Please write out exactly the lines from the one with "A teraz przechodzimy" through the end of the data below, both ends included, and omit any pictures.

╭─ INFORMATION PROVIDED

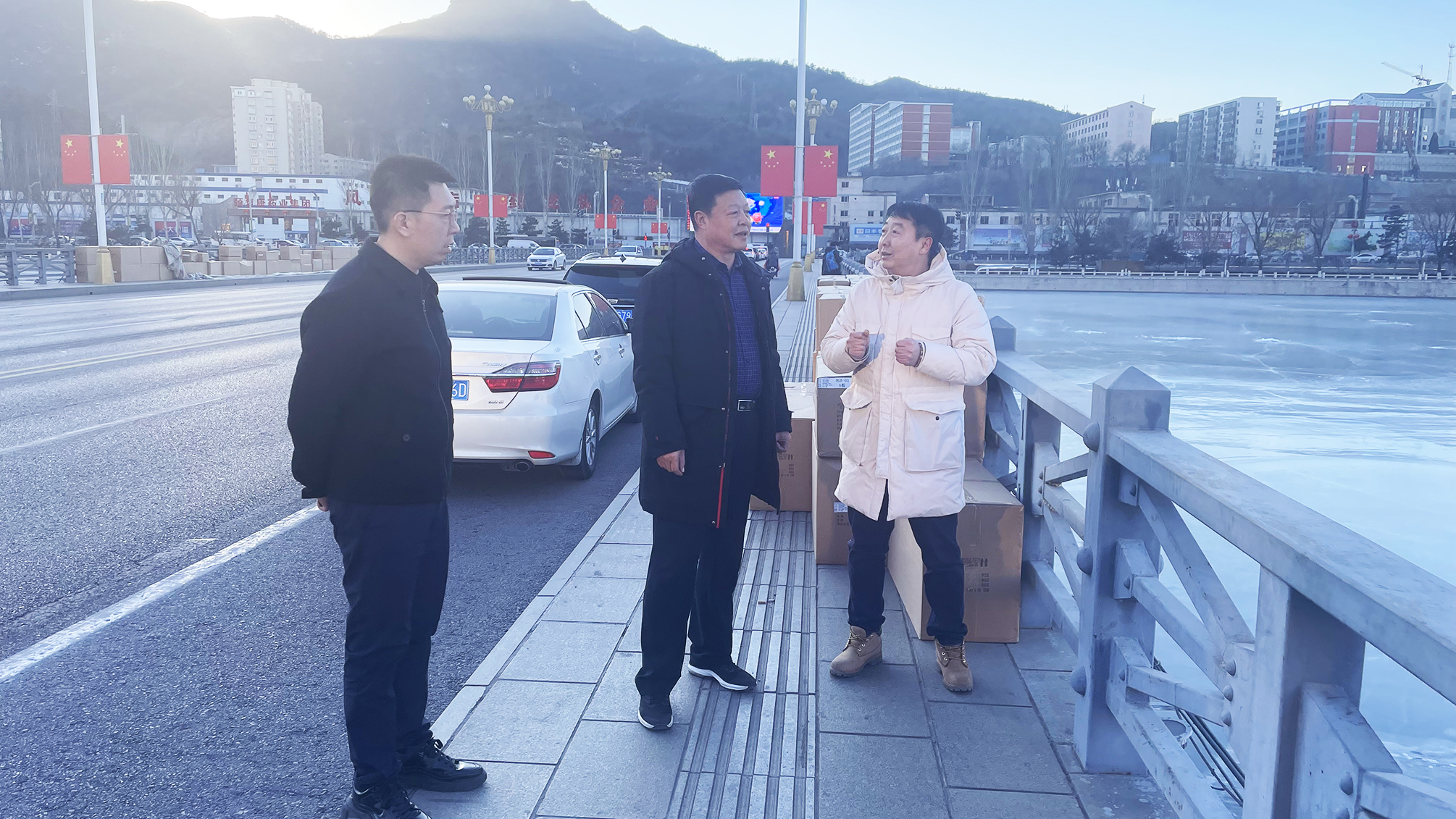 在府前路大橋施工現(xiàn)場(chǎng),徐俊儒總經(jīng)理聽取了施工單位關(guān)于亮化工程的施工進(jìn)展及疫情防控情況介紹,了解了設(shè)備安裝和材料采購(gòu)運(yùn)輸情況,查看了工程施工進(jìn)展及相關(guān)安全防護(hù)措施。
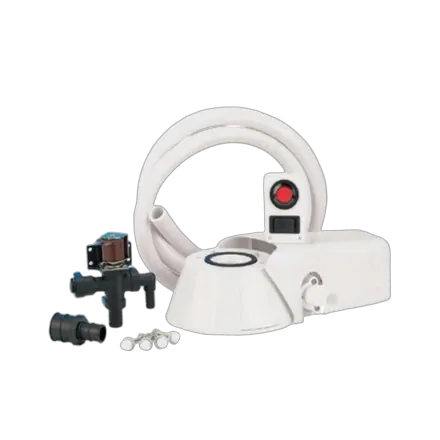 Includes solenoid valve with siphon breaker which positively eliminates any backflow from the toilet to the boats fresh water system, and other components required, ready to bolt on to your existing toilet bowl.
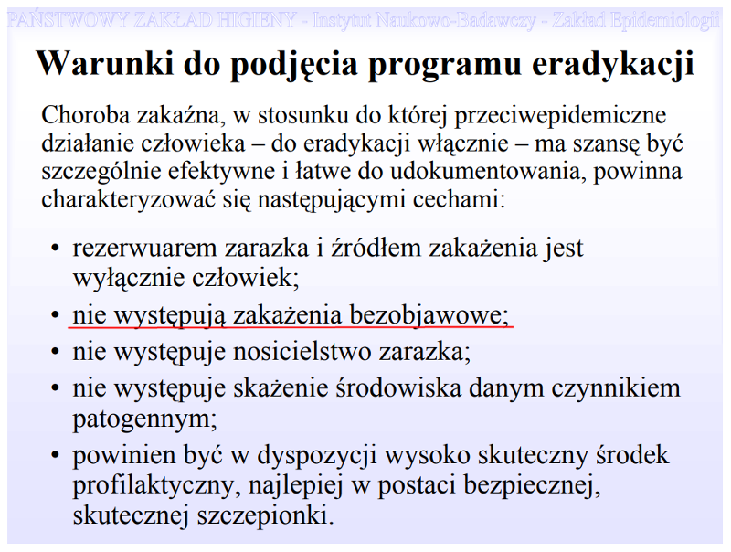 A teraz przechodzimy do clou. Według WHO, choroba musi posiadać pewne konkretne cechy, żeby można było ją eradykować. Takie cechy posiadała ospa prawdziwa.
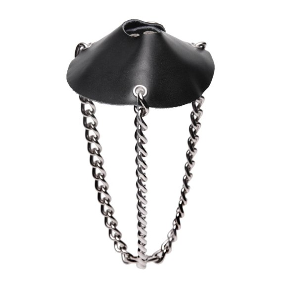 XR Brands Skorzany pas do rozciągania - model z łańcuchami i pierścieniem
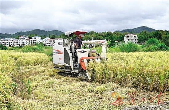 眼下,我市单季稻陆续进入成熟收获期。图为仙游县石苍乡单季水稻种植基地收割忙,收割机将成熟的稻秆卷入机器,脱粒、除秸秆、稻谷入袋一气呵成。

╰─

- [YOUR RESPONSE]
 A teraz przechodzimy do clou. Według WHO, choroba musi posiadać pewne konkretne cechy, żeby można było ją eradykować. Takie cechy posiadała ospa prawdziwa.
 XR Brands Skorzany pas do rozciągania - model z łańcuchami i pierścieniem
 眼下,我市单季稻陆续进入成熟收获期。图为仙游县石苍乡单季水稻种植基地收割忙,收割机将成熟的稻秆卷入机器,脱粒、除秸秆、稻谷入袋一气呵成。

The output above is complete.